Agama  menurut Aguste Comte adalah sesuatu yang tidak logis, sehingga untuk membangun dunia kedudukan agama diletakkan paling bawah. Agama dijadikan sebagai sebuah tradisi saja bagi yang sudah menjalankan atau meyakininya. Kemudian Aguste Comte meletakkan filsafat setelah agama dan paling atas adalah positifisme atau saintifik.  Sudah digariskan pada abad ke-19 (1857) oleh Aguste Comte yang menciptakan buku mengenai Positivisme dalam membangun dunia, jangan menggunakan agama karena agama sifatnya tidak logis.

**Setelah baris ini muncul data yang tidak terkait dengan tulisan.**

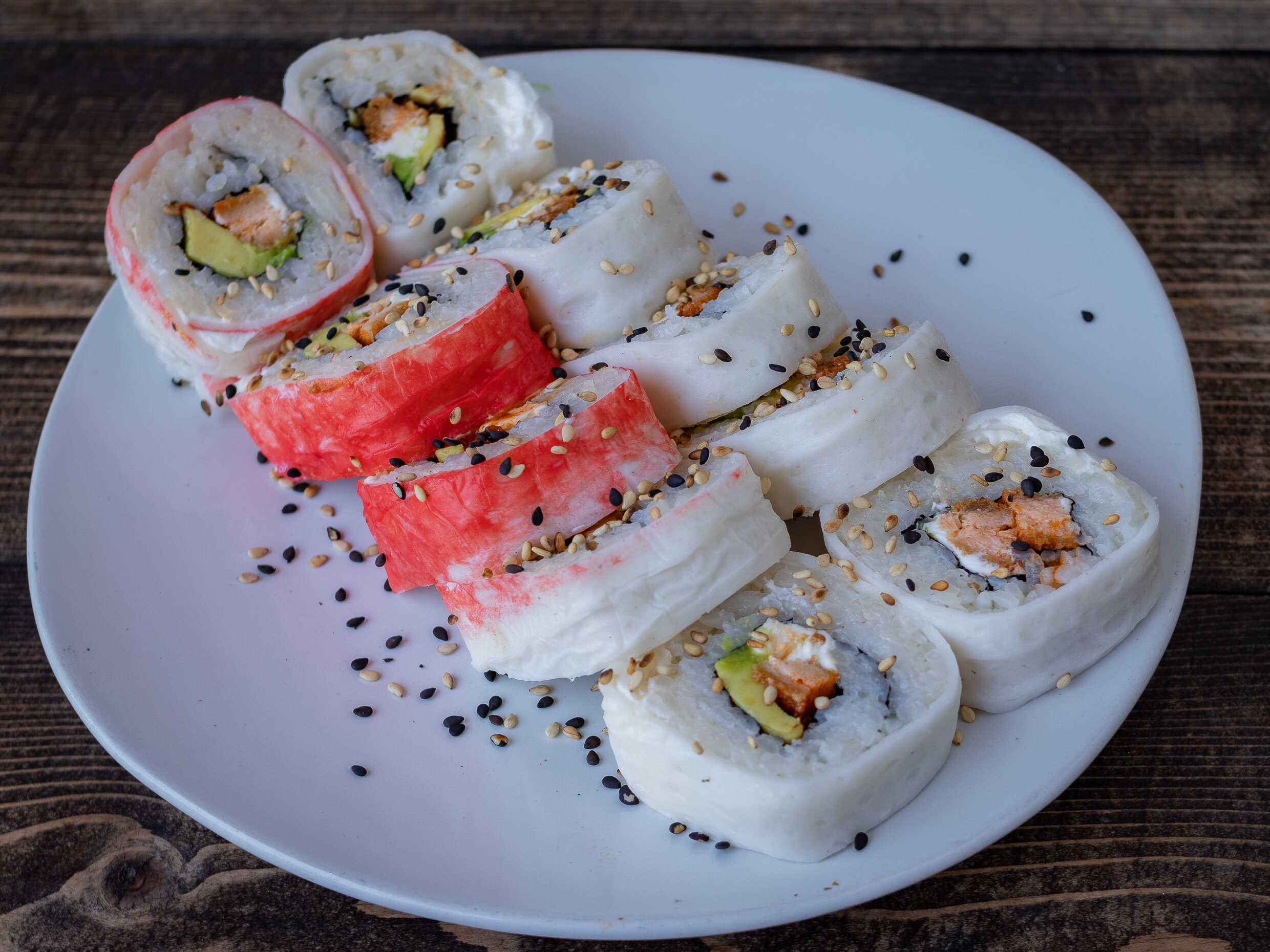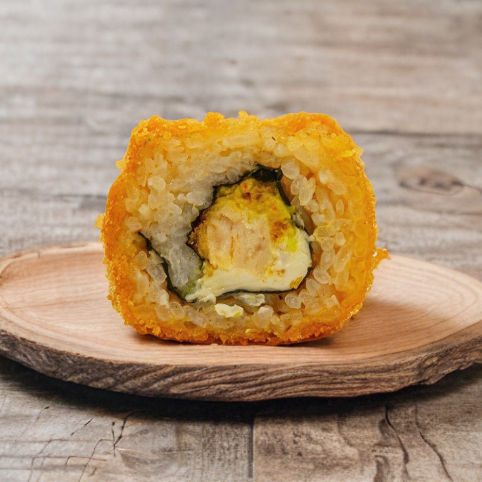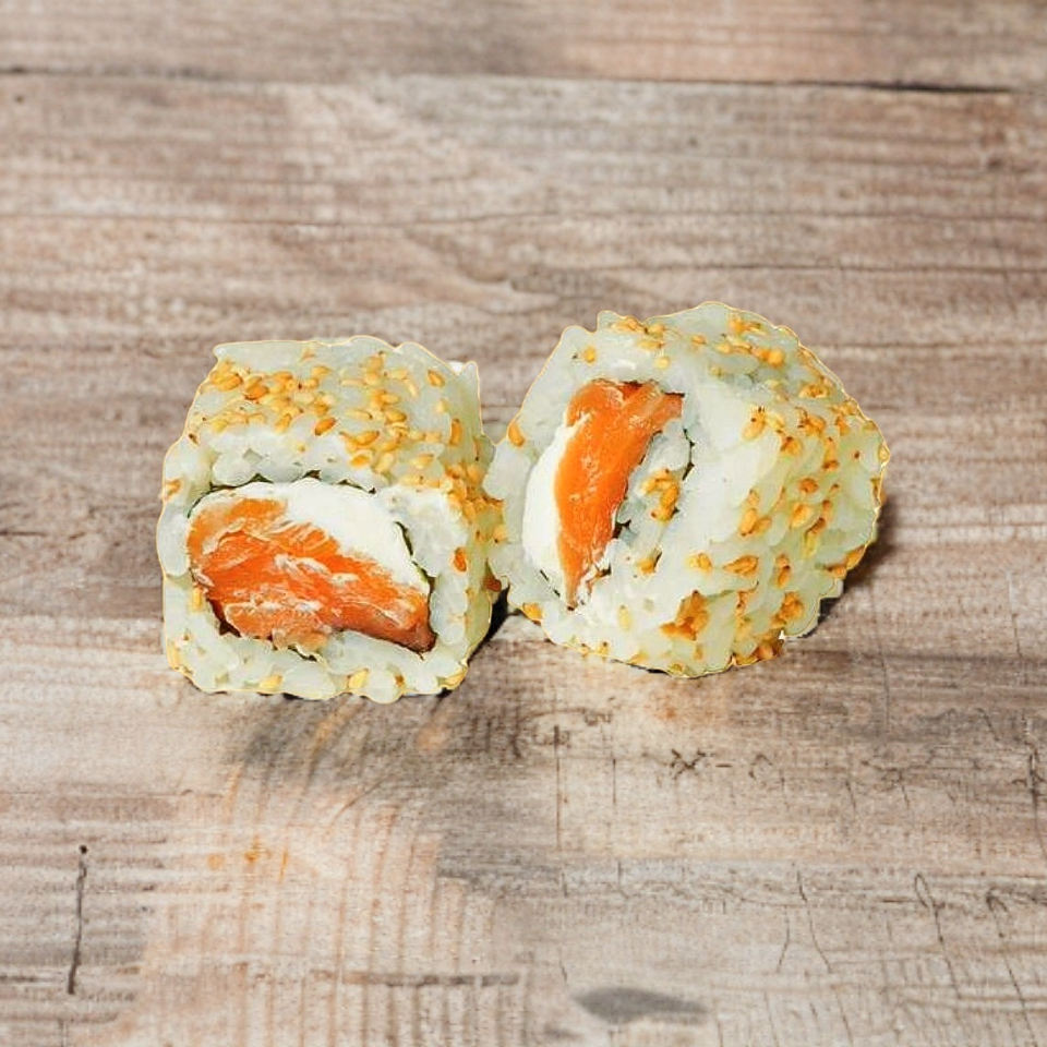 Arroz blanco, queso, aguacate, salmón, envuelto en surimi.

Jika berbicara mengenai awal dan akhir jaman maka kembali melihat bahwa hal tersebut memiliki struktur, meninjau berstruktur pada level mana posisi awal dan akhir jaman tersebut. Jika berdasarkan common sense maka awal akhir jaman adalah waktu dimana manusia belum diciptakan, sampai diciptakannya nabi Adam. Sedangkan akhir jaman merupakan waktu datangnya kiamat. Tapi karena hal ini adalah bagian dari filsafat yang bersifat relative, awal akhir jaman merupakan rentangan waktu. Bagaimana mengetahui rentangan waktu tersebut tergantung dari  mana konteks waktu itu sendiri. Agama islam berada pada abad ke 5 setelah masehi. Sehingga sebelum mencapai waktu itu, tidak ada filsuf islam. Namun kenyataannya filsafat itu sendiri sudah menjelajah sampai keadaan dan waktu sebelum masehi yang tentumya belum mengenal tentang agama.

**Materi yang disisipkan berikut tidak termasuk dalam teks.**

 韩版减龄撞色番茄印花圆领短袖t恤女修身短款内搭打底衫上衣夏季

Sedang di negara Indonesia, menyusun kedudukan dimulai dari material, formal, normative hingga spiritual yang dilewati saja oleh dunia hingga pada akhirnya muncul fenomena kontemporer. Fenomena kontemporer meletakkan archaic pada posisi bawah, kemudian tribal, tradisional. Melalui Power Now pada kontemporer semua agama masuk pada area tradisional tidak boleh lebih karena kedudukan selanjutnya terdapat feodal, modern, pra modern, dan kemudia pada akhirnya menuju pada fenomena kontemporer (Power Now). Para penganut fenomena kontemporer mempelajari agama tidak dari timur tengah, melainkan dari wilayah yang lebih jauh. Salah satu tokohnya adalah Stephen Howking yang mengatakan bahwa penciptaan alam semesta itu tidak berkaitan dengan Tuhan. Kondisi tersebut didukung dengan pilar-pilar seperti: Kapitalisme, Pragmatisme, Materailisme, Utilitarisme, Liberalisme, dan Hedonisme.

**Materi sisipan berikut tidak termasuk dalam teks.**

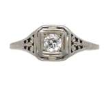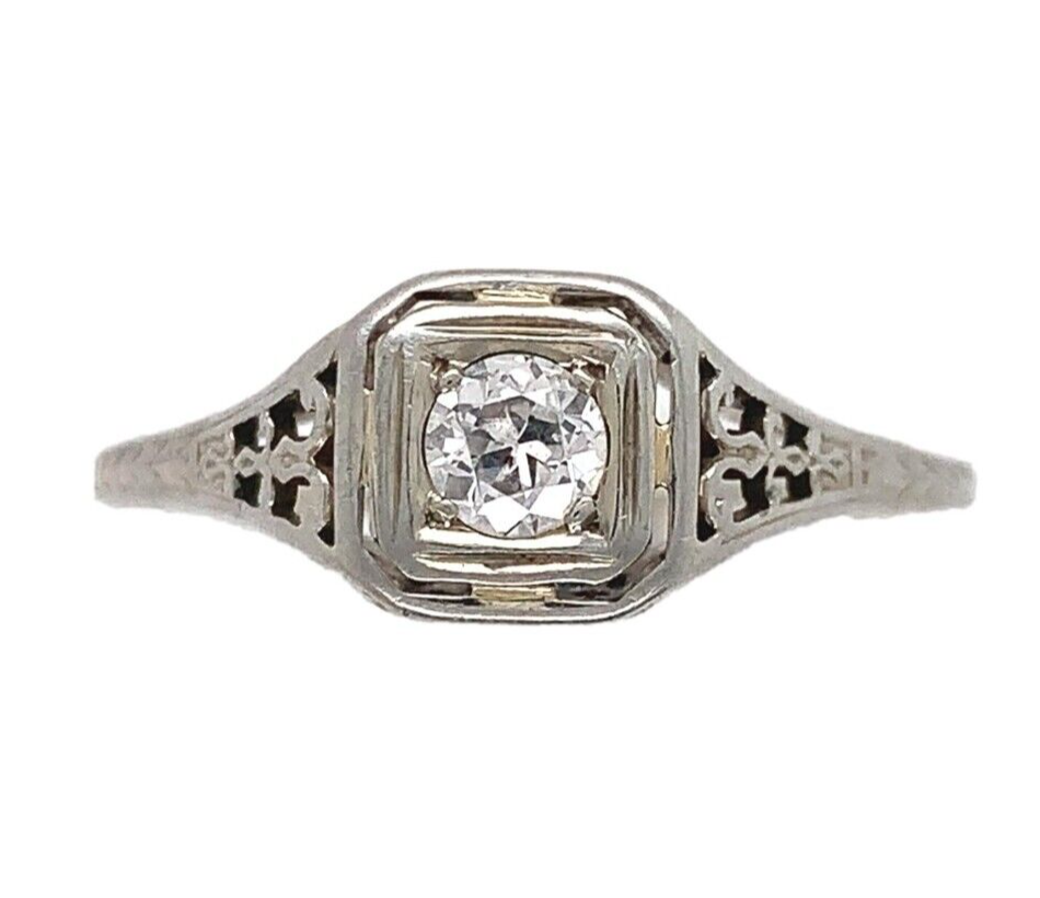 18k white gold filigree ring featuring a European cut diamond weighing about .15cts. The diamond has I1 clarity and H-I color. It measures about 3.3mm. The ring fits a size 7.75 finger, and weighs 1.37 dwt. It dates from the 1920s. Beautiful!
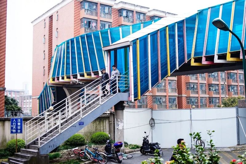 海安路上的彩虹桥,是上海理工大学军工路校区南北区的必经之路。在桥体海蓝色的光影中,每天来回着学子们上下课的忙碌身影。晴天为他们遮一段烈日,雨天为他们挡一些风雨。“桥都坚固,隧道都光明。”兼顾桥与隧道的外形的海安路桥,是坚固而又光明的。
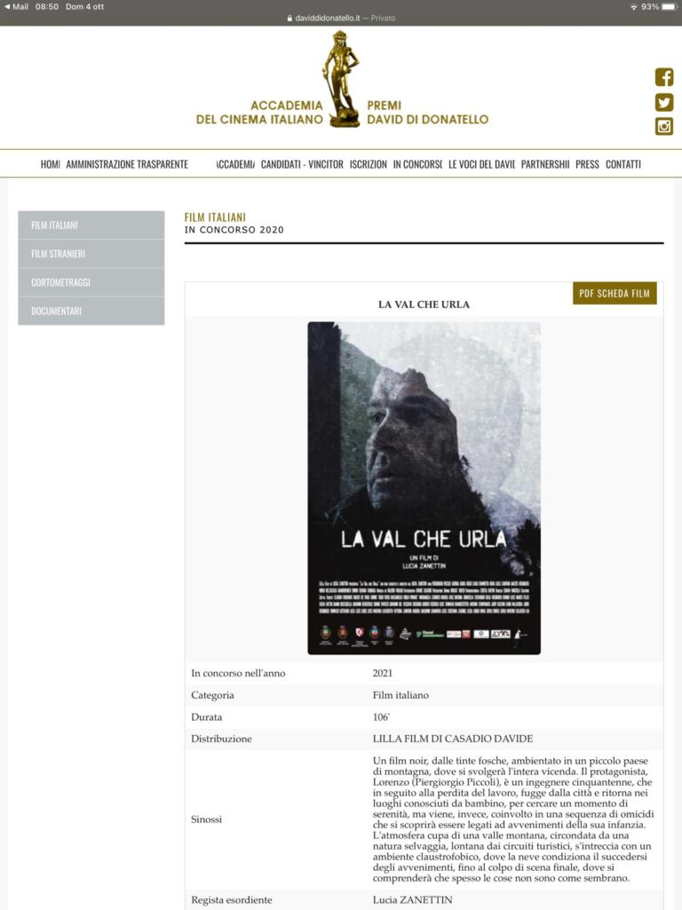 LA VAL CHE URLA AL “DAVID DI DONATELLO”

            Setiap hari, setiap waktu Indonesia yang kokoh dengan spiritualisme akan kalah karena diserang habis-habisan. Alat yang digunakan oleh mereka dalam menyerang adalah penciptaan sesuatu yang modern dan canggih. Faktanya pada saat ini, kehidupan kita adalah kehidupan dengan dunia kontemporer karena Indonesia bergantung pada fenomena kontemprorer dikarenakan Indonesia belum bisa mandiri dalam segala bidang. Sehingga terjadi residu, jika digambarkan kita seperti seekor ikan di laut selatan untuk menemukan mana air yang bersih yang tidak terkena polutan. Belajar filsafat seperti seekor ikan kecil di laut selatan yang ingin mngidentifikasi dari mana sumber air yang ada dilaut. Jika diteruskan munculah semua filsafat dan tergantung bagaimana objel pola pikir dikembangkan. Kemudian setelah belajar filsafat maka munculah ideology, paradigma, teori, model, notion, semboyan, dan stigma. Semuanya yang berada didalam pikiran menjadi sebuah prinsip yang dijadikan resep hidup, sedangkan semuanya jika berada diluar pikiran akan menjadi bayangan. Sangat hebat jika seekor ikan yang berada pada diluar pikiran keluar sampai menuju prinsip yang terdapat di dalam pikiran.